[Stored dataset items]
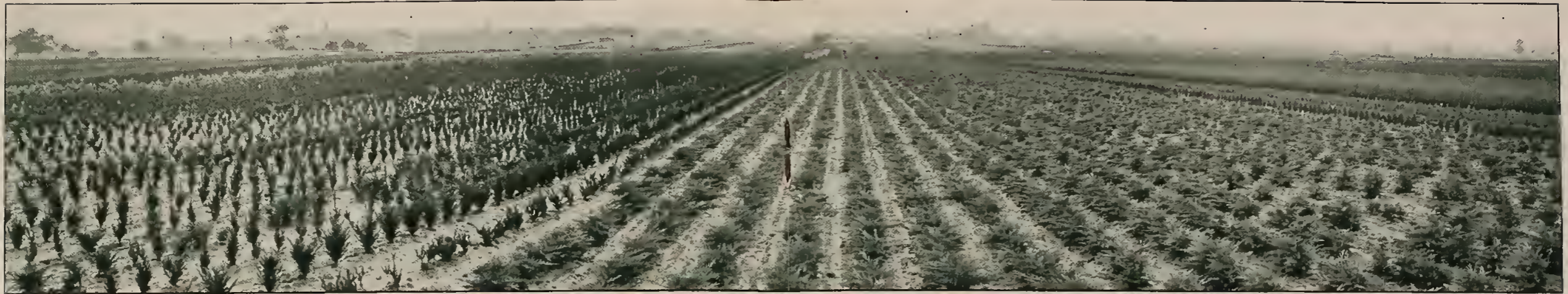
A panoramic view of our Shiloh Evergreen Nursery, with office and other buildings in the background. Climate and soil conditions here are ideal. These, with expert knowledge of correct growing and pruning methods, coupled with skilled labor, produce real money-making Evergreens
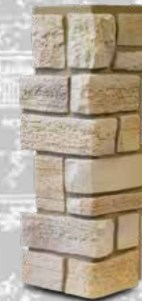
NW LSCSG1030-LS Ledgestone Staggered Corner Limestone
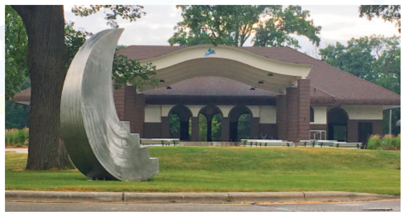
Stairway to the Stars current aspect in Pierce Park
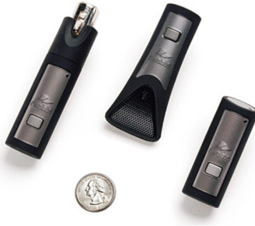
Figure 3: Revolabs Wireless Microphones

Revolabs Wireless Microphones – Available in four types (wearable, omni-directional tabletop, uni-directional tabletop, and as an attachment to an existing XLR microphone), the wireless microphones provide up to eight hours of talk time on a single charge. Each microphone has a single button used for pairing (or marrying) the mic to the base station during system setup (may not be necessary if the mics were purchased together with the base station) or for toggling the mute status. An LED on each microphone displays the pairing, mute, and power / charging status of the device at all times.

▸ EXERCISE OBJECTIVE: The job is to copy all the records precisely while omitting any picture.

▸ ANSWER TO THE EXERCISE:
A panoramic view of our Shiloh Evergreen Nursery, with office and other buildings in the background. Climate and soil conditions here are ideal. These, with expert knowledge of correct growing and pruning methods, coupled with skilled labor, produce real money-making Evergreens
NW LSCSG1030-LS Ledgestone Staggered Corner Limestone
Stairway to the Stars current aspect in Pierce Park
Figure 3: Revolabs Wireless Microphones

Revolabs Wireless Microphones – Available in four types (wearable, omni-directional tabletop, uni-directional tabletop, and as an attachment to an existing XLR microphone), the wireless microphones provide up to eight hours of talk time on a single charge. Each microphone has a single button used for pairing (or marrying) the mic to the base station during system setup (may not be necessary if the mics were purchased together with the base station) or for toggling the mute status. An LED on each microphone displays the pairing, mute, and power / charging status of the device at all times.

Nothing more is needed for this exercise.